夕阳将三人投在操场上的影子拉得漫长而纠缠,谁也没注意到,风将佟夏叶未拆封的曲奇盒吹落,糖霜在暮色中碎成斑驳的光点。
夕阳将三人的影子斜斜地投在褪色的塑胶跑道上,仿佛纠缠不清的藤蔓。
秦召莹攥着书包带子的指尖发白,每一步都像踩在棉花上,轻飘飘却沉重。
她停在姜太显面前,呼吸微乱,却固执地仰起头。
秦召莹“你为什么要对她那样?”
要说什么都发现不了,那不太可能,秦召莹早就发现姜太显的不对劲,但是又没有什么证据,如果非要说,那就是女人的直觉!
姜太显瞳孔微缩,喉结滚动了一下。
他本想用惯常的冷漠回应,可视线掠过秦召莹泛红的眼角时,那句“没什么”竟卡在喉间。
远处,佟夏叶正弯腰去捡被风吹散的曲奇盒,碎糖霜粘在她校服的袖口,像星星点点的泪渍。

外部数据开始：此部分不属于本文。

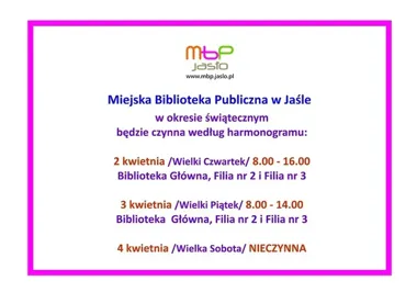 Wielkanocny rytm w Jaśle - biblioteka zmienia godziny przed świętami
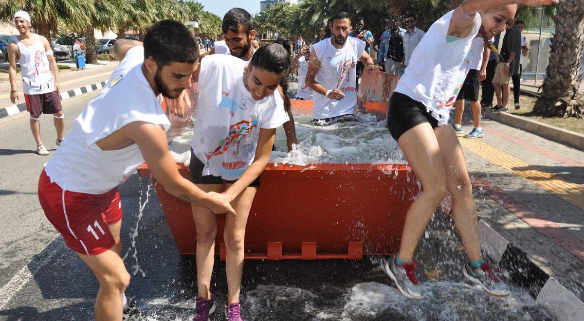 Doğu Akdeniz Üniversitesi (DAÜ) Spor İşleri Müdürlüğü tarafından DAÜ 22. Bahar Festivali kapsamında düzenlenen EMUATHLON yarışması, nefesleri kesti. 8 kişilik takımların toplamda 17 adet engeli geçip en kısa sürede yarışı bitiren takımın şampiyon olduğu yarışmada, yarışmacılar ve izleyiciler çok keyifli ve heyecanlı dakikalar geçirdi. Atlama, tırmanma, çamurda sürünme, stadyum basamaklarını üç kez çıkıp inme gibi birçok engeli aşmak zorunda kalan sporcular, bitiş noktasına varabilmek ve şampiyon olabilmek için ter döktüler.
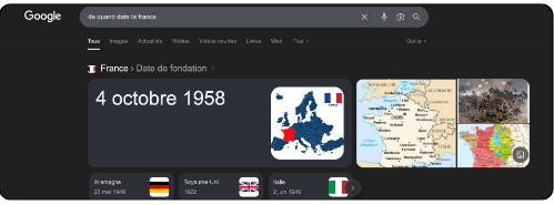 Ainsi, c'est le début de la Cinquième République qui marque la naissance de la France selon le géant de Mountain View. On peut en rire. Mais en vérité cette question n'appelle aucune réponse évidente. Certains considèrent que c'est le règne de Clovis qui marque la naissance de notre pays. D'autres situent cette origine au règne d'Hugues Capet ou à l'épopée de Jeanne d'Arc.

他忽然意识到,自己此刻的犹豫,或许比任何答案都更伤人。
秦召莹“姜太显,我们说好要一起的,一直……”
秦召莹的声音染上颤音,书包带子被她绞成皱巴巴的麻花。
姜太显猛地别开眼,不敢看她眼底的期待。
他想起昨夜佟夏叶在琴房为他即兴弹奏的那首未命名曲子,琴键起伏间,她垂落的发丝扫过他手腕的触感,至今仍在灼烧。
风忽然大了起来,将佟夏叶刚捡起的曲奇盒再次掀翻。
糖霜四溅,有几粒落在姜太显的鞋尖,他鬼使神差地伸手要去接,却被秦召莹猛然抓住手臂。
秦召莹“你在看什么?”
她顺着他的视线望去,瞳孔骤然收缩。
秦召莹“她根本就是在故意引诱你……”
姜太显“不是的!”
姜太显脱口而出的反驳让三人皆是一怔。
他这才惊觉自己竟为了佟夏叶的情绪失控,而秦召莹僵在原地,仿佛被无形的利刃刺中心脏。